Taking the data below, please print only the lines from the line holding "王恩和, 等: 基于数字图像和声发射技术的" to the line holding "Structures of licarin", inclusive, with pictures omitted.

Start of Records for this exercise

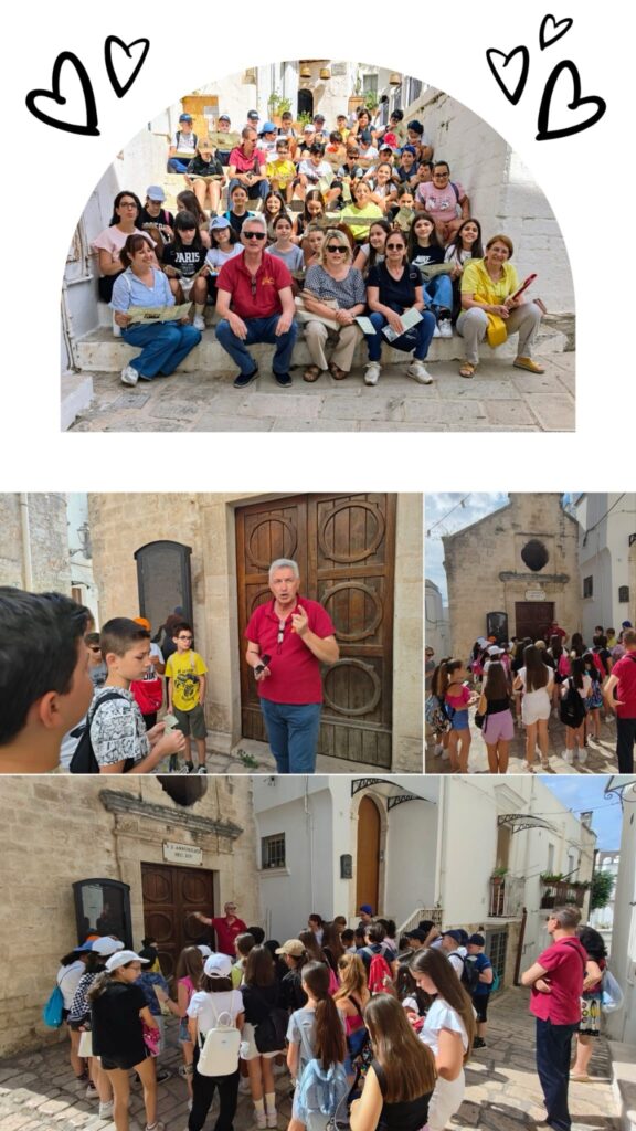 A seguire gli alunni sono stati condotti ad ammirare e percorrere paesi della Valle d’Itria per scoprirne caratteristiche geografiche, storia e soprattutto aspetti antropici e architettonici: trulli e tetti a “cummerse”- Martina Franca – Locorotondo, guidati dalla professoressa Valentina Mastronardi…. e Alberobello.
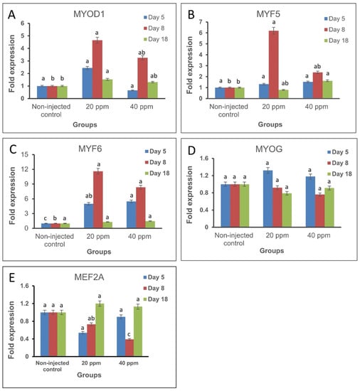 Least square means and their standard errors for the effect of Nano-Ag treatment (20 and 40 ppm) on the expression of myogenic determination factor 1 (MYOD1), myogenic factor 5 (MYF5), myogenic factor 6 (MYF6), myogenin (MYOG), and myocyte enhancer factor 2A (MEF2A) on days (D) 5, 8, and 18 of incubation. The expression is presented in fold change compared with the non-injected control, (n = 3, from each group).
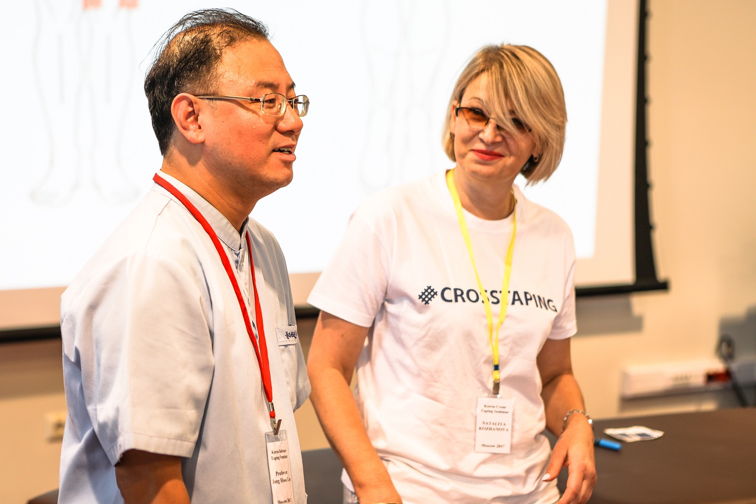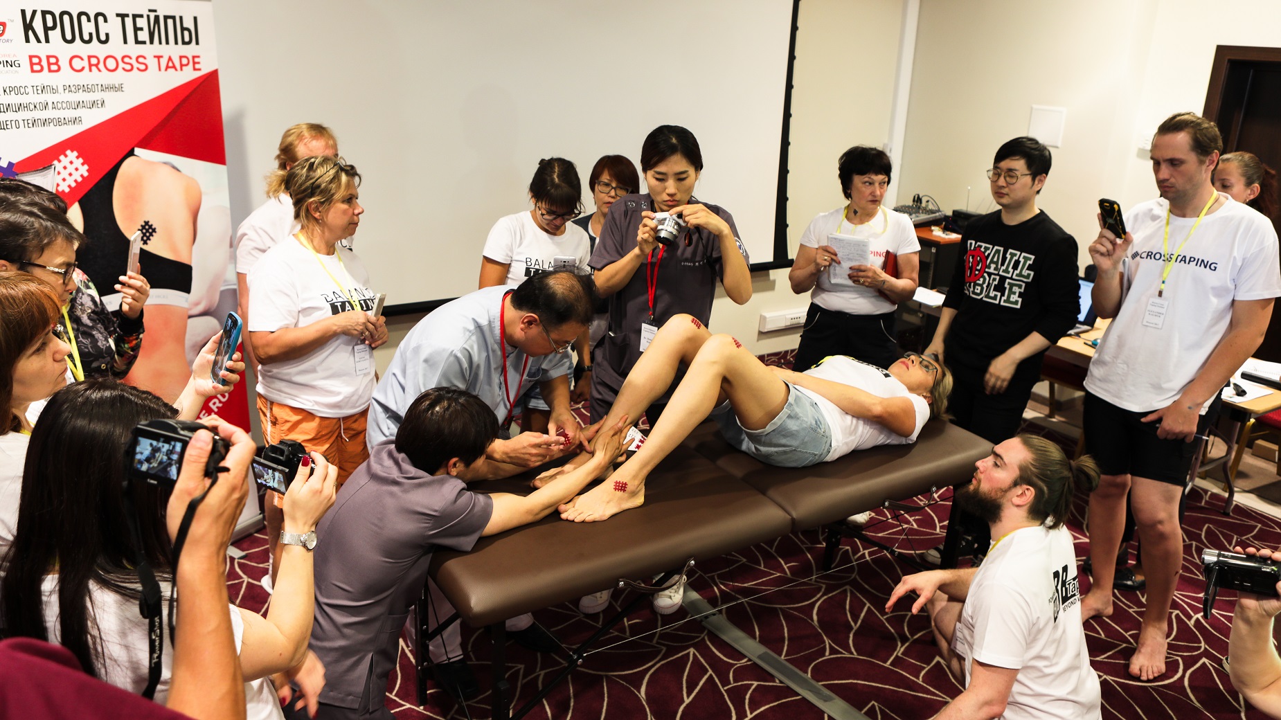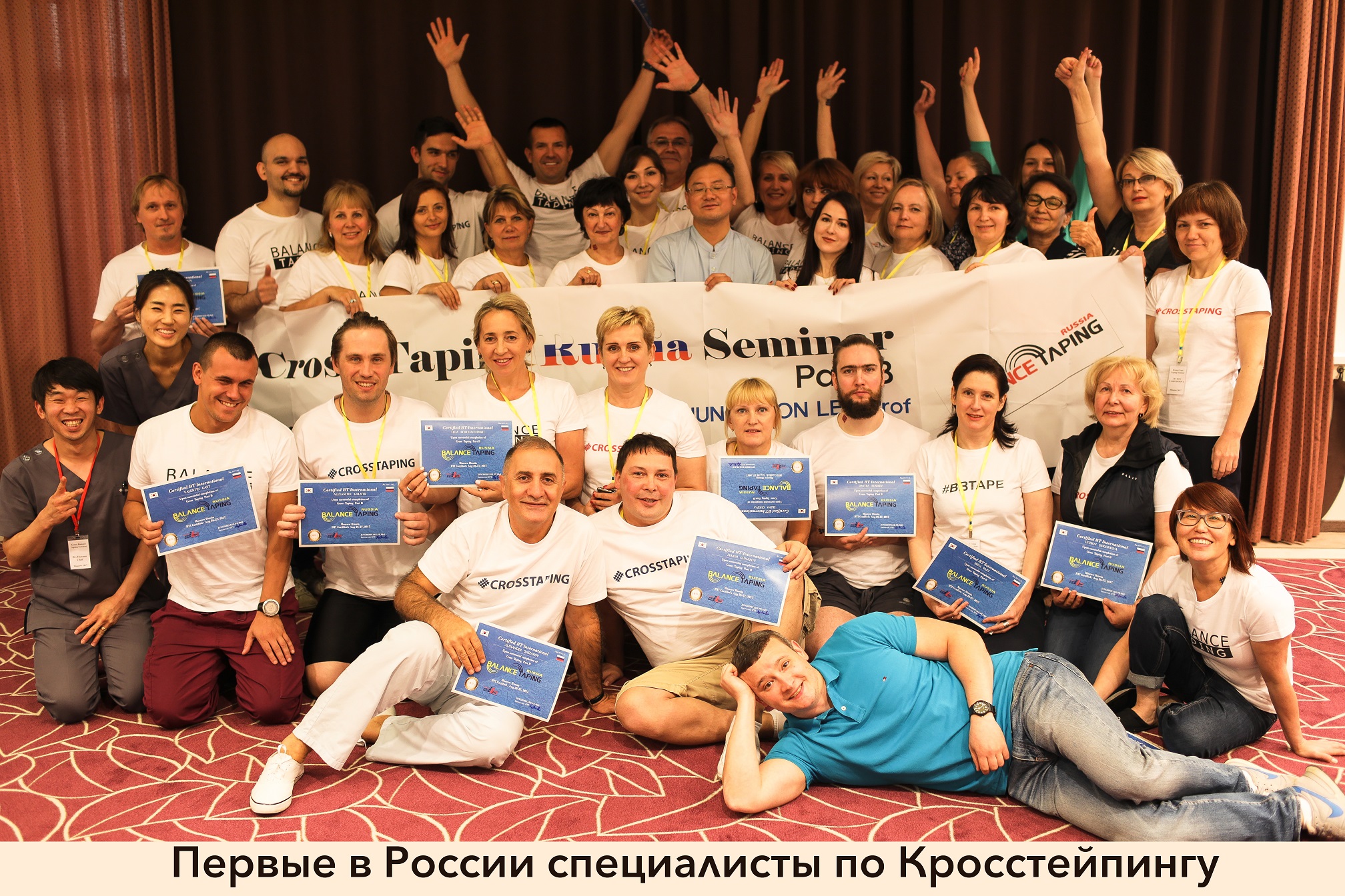 Фото с прошедшего в 2017 г. в г. Москве первого в России и Европе полного обучающего обучающего курса по Кросстейпингу от создателя метода Профессора Jung-Hoon Lee (ведущего специалиста по тейпированию в Ю.Корее).
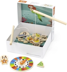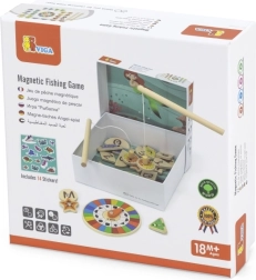 Zábavná a vzdělávací dřevěná magnetická rybářská hra od VIGA přináší 26 magnetických rybek s písmeny, 2 pruty a otočné kolečko pro výběr úlovku. Rozvíjí koordinaci oko–ruka, poznávání barev a tvarů a nabízí spoustu zábavy s netoxickými barvami už od 18 měsíců.
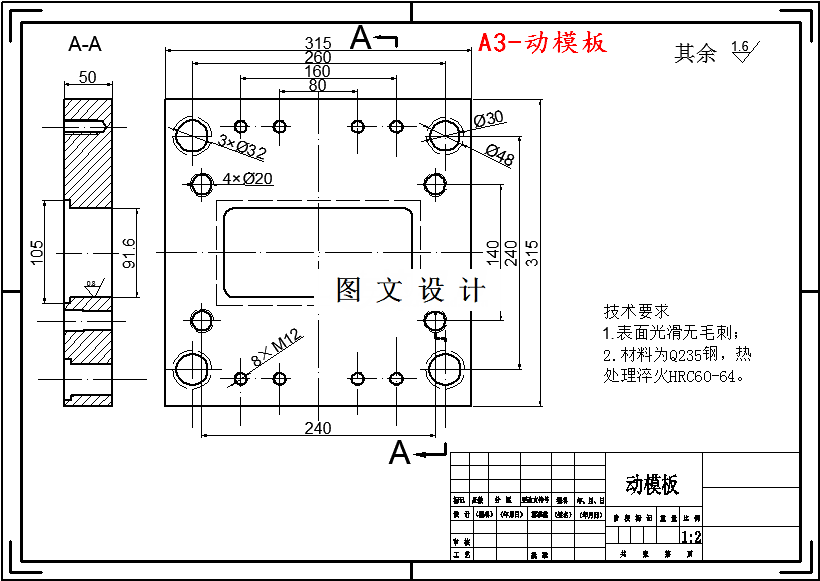 塑件较大,故采用一模一腔,平衡式排布。塑件表面质量包括有无斑点,条纹,凹痕,起泡,变色等缺陷,还有表面光泽度和表面粗糙度。表面缺陷必须避免。表面光泽度和表面粗糙度应根据塑件使用要求而定,尤其是透明塑件,对光泽性和表面粗糙度有严格要求。 塑件的表面粗糙度,除了在成型时从工艺上尽可能避免冷疤,波纹等疵点外,主要由模具成型零件的表面粗糙度决定。一般模具的表面粗糙度比塑件的表面粗糙度高一级。对于透明的塑件要求型腔和型芯的表面粗糙度相同,而不透明的塑件,则根据使用情况可以不同。 该塑件无特殊要求,为非透明制品,外表没有斑点及熔接痕,塑件内外表面Ra值取0.8μm。747013
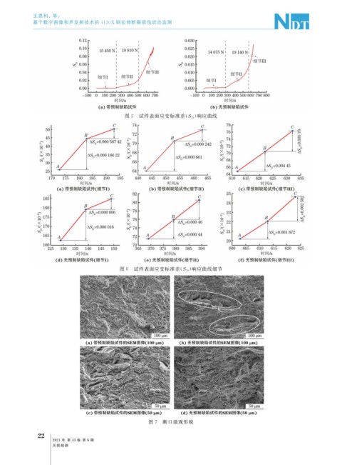 王恩和, 等: 基于数字图像和声发射技术的 4130X 钢拉伸断裂损伤状态监测 图 5 试件表面应变标准差( S D 响应曲线 ) 图 6 试件表面应变标准差( S D 响应曲线细节 ) 图 7 断口微观形貌 2 2 2021 年 第 43 卷 第 6 期 无损检测
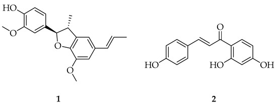 Structures of licarin A (1) and isoliquiritigenin (2).
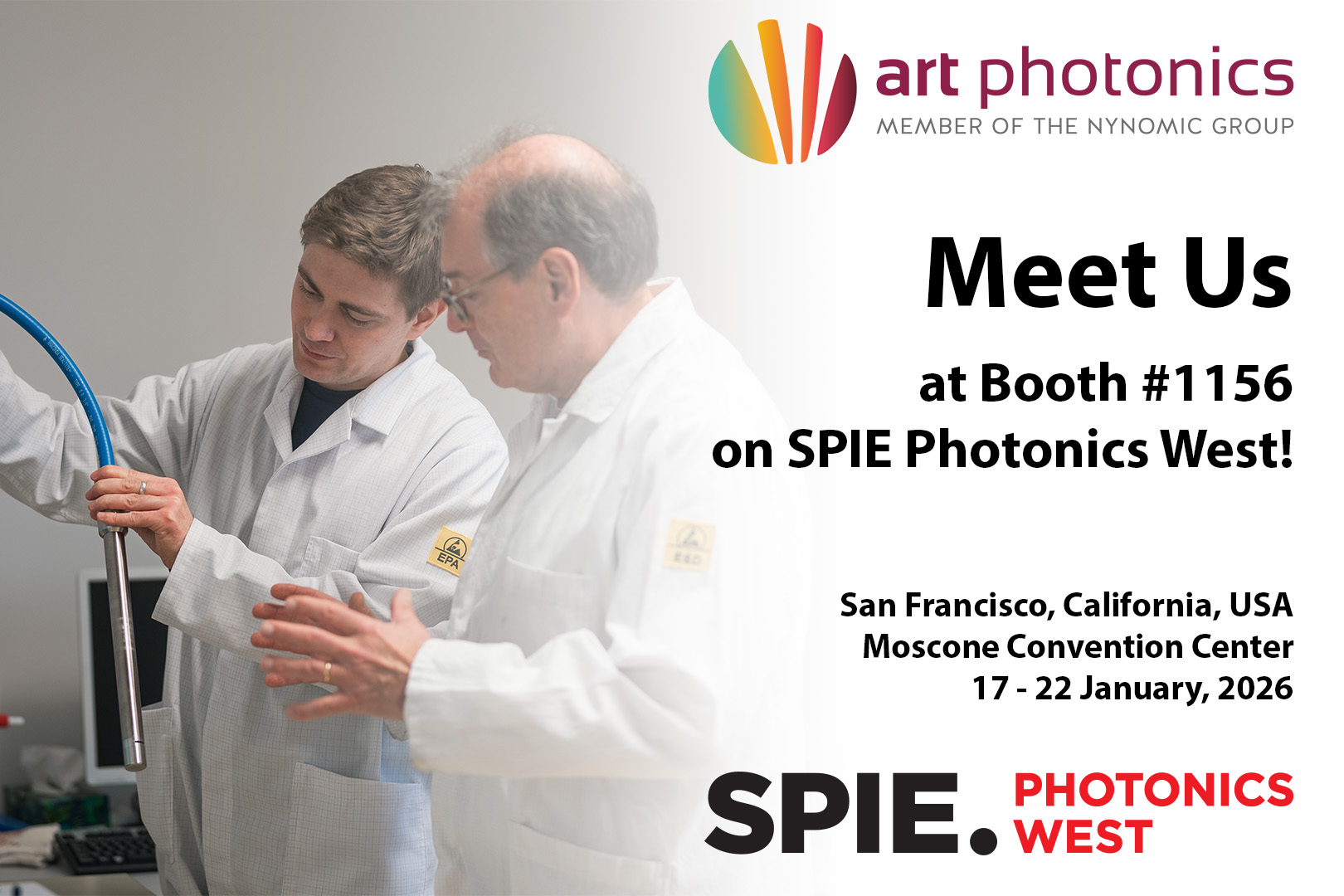 Die art photonics GmbH freut sich, ihre Teilnahme an der SPIE Photonics West 2026 bekannt zu geben, der weltweit führenden Veranstaltung für Laser, Photonik und biomedizinische Optik. Wir laden Sie herzlich ein, uns an Stand #1156 zu besuchen und zu entdecken, warum art photonics der bevorzugte Partner für faseroptische Sonden und Fernerkundungslösungen („Remote Sensing“) im gesamten Spektralbereich von UV bis MIR ist.
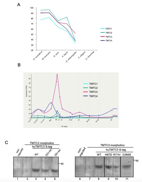 Supplemental Figure 7. TMTC conservation in commonly studied species and RNA expression in Xenopus laevis. (A) Sequence identity (%) of the TMTC proteins in commonly studied species was assessed by comparing amino acid sequences of each species listed to the human sequence. (B) RNA expression of Tmtc1-4 during Xenopus laevis development up to stage 40. These expression profiles were based on data collected in the study by Session et. al in Nature 2016. (C) Embryos were injected with Tmtc3 morpholino at the one cell stage approximately 45 min after fertilization. Selected embryos were subsequently injected with human TMTC3 RNA (lanes 3, 4, 5, 8, 9, 10 and 11). Non-injected and indicated injected embryos were collected at stage 12 and resuspended in Modified Barth’s Saline (MBS) buffer with 1% triton X-100. Total protein was precipitated with 10% trichloroacidic acid, resuspended in reducing sample buffer, analyzed by a 9% SDS-PAGE and immunobloted for the S-tag epitope. |

End of Records for this exercise

Answer space:
 王恩和, 等: 基于数字图像和声发射技术的 4130X 钢拉伸断裂损伤状态监测 图 5 试件表面应变标准差( S D 响应曲线 ) 图 6 试件表面应变标准差( S D 响应曲线细节 ) 图 7 断口微观形貌 2 2 2021 年 第 43 卷 第 6 期 无损检测
 Structures of licarin A (1) and isoliquiritigenin (2).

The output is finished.